At Touchstone Foundation, we provide scholarships to students who are passionate about children’s mental health. We previously sat down with Rebecca Cox-Davenport, a LOHF nursing scholarship recipient. Rebecca recently graduated with her Family Nurse Practitioner degree, and for many years, she has volunteered with the LGBTQ Center of Central Pennsylvania, to offer a regular support group for teens in Lancaster. In celebration of PRIDE and to honor the importance of youth mental health for the LGBTQ+ population, we spoke about her work as a nurse and community volunteer.
Rebecca Cox-Davenport, FNP
Can you please introduce yourself, your current role in nursing, share a bit about yourself, and what inspired you to become a nurse?
I graduated from Millersville University’s Family Nurse Practitioner Program in May of 2021. I started soon after at Alder Health, a community health center that originated during the HIV crisis of the 1980s, and now an LGBTQ and family health center. I see not only LGBTQ clients but cis and straight clients as well. I see mostly adults at Alder Health, but I can see older teens for transgender care.
I’m still working with my “Friday night kids.” Volunteering for the LGBTQ center of Central PA with 12–18-year-olds in a drop-in social group in Lancaster. It is a bit smaller than before COVID, but I’m there every week with dessert, a game, or an art project to work on.
What is your connection to LOHF/Touchstone Foundation and/or how do you see your role as a nurse helping to improve children's mental health?
The scholarship I received took much of the pressure off financially since I had to go part-time at PA College of Health Sciences. The scholarship allowed me to pay that tuition bill and focus on finishing my education with less stress.

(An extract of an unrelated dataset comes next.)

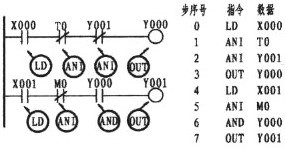 由第1梯級來看;X000、T0、Y001三觸點成串聯關系,即T0的常閉串接于X000的后端,而Y001的常閉則串接于T0常閉的后端。由于都是常閉故用ANI指令。現來看第2梯級;X000、M0、Y001,同樣三觸點也是串聯關系,M0的常閉接點串接于X001的后端,而Y000的常開接點則串接于M0的后端。故M0的指令用ANI,而Y000的指令則用AND(具體編程詳上圖),一句話只要是串聯后面是常開的用AND,是常閉的則用ANI??墒褂肁ND、ANI指令元件有:輸入繼電器X、輸出繼電器Y、輔助繼電器M、定時器T、計數器C、狀態繼電器S。

I hope to work in pediatric endocrinology. I love my work at Alder Health, and my dream is to work with transgender clients exclusively. My eventual dream job would be transgender care, allowing me to do peds a few days a week and adults a few days a week.
Can you please tell us about your work with LGBTQ+ youth?
I’ll tell you that I might get emotional. I was very content in my career before finishing my FNP. I have a PhD in nursing and worked as a nursing educator. I think I’m an excellent educator. But then you’re around these kids and realize they have changed you. They don’t know that they’re changing you, but they’re changing you. As the chaperone, I go in and carry the watermelon every week, so to speak. I bake the brownies and hang out with them on Fridays, but they completely changed my life. I’m so grateful they did that, and I’m so grateful for my future. I love them.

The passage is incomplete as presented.